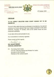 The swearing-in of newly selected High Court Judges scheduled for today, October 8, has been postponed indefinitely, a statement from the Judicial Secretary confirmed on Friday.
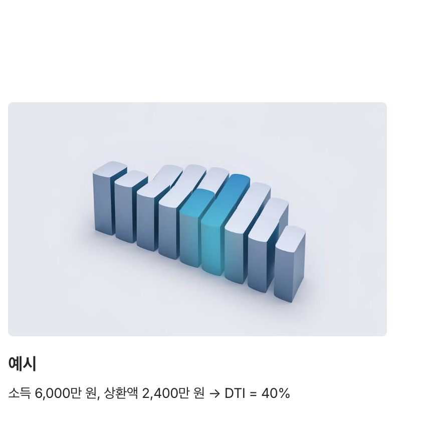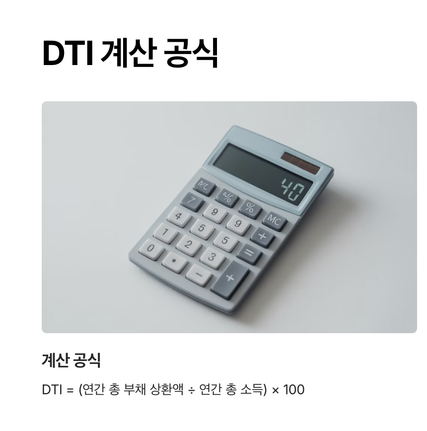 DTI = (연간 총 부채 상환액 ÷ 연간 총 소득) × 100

___

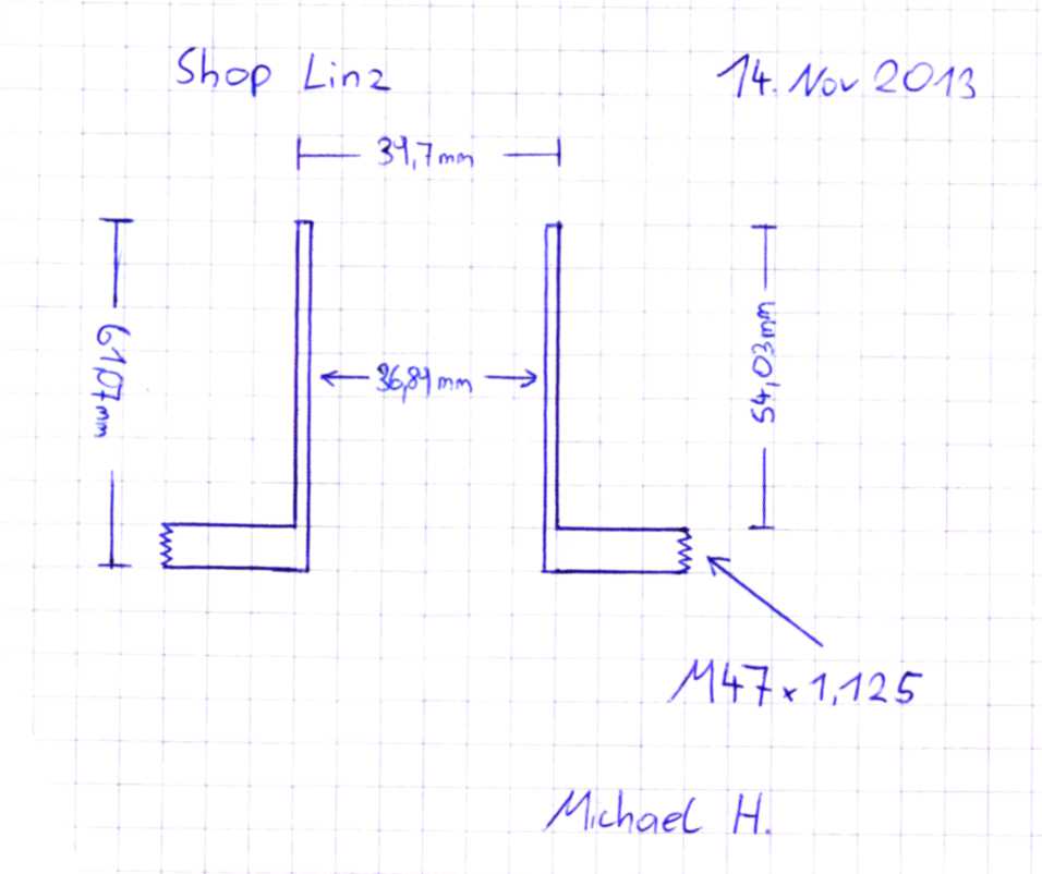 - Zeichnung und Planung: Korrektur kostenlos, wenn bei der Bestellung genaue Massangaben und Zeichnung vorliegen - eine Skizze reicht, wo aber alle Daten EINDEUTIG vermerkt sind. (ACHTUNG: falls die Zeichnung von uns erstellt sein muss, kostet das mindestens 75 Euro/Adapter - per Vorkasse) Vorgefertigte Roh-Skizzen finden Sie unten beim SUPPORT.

___

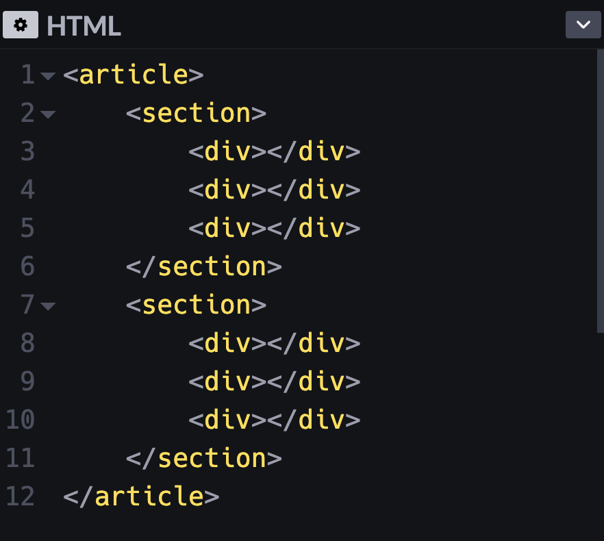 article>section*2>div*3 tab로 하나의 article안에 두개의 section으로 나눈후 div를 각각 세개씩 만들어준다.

___

Using the data above, print only the lines starting at the one with "The swearing-in of" and ending at the one with "DTI = (연간 총 부채 상환액 ÷ 연간 총 소득) × 100", exactly as they stand, minus the pictures.

 The swearing-in of newly selected High Court Judges scheduled for today, October 8, has been postponed indefinitely, a statement from the Judicial Secretary confirmed on Friday.
 DTI = (연간 총 부채 상환액 ÷ 연간 총 소득) × 100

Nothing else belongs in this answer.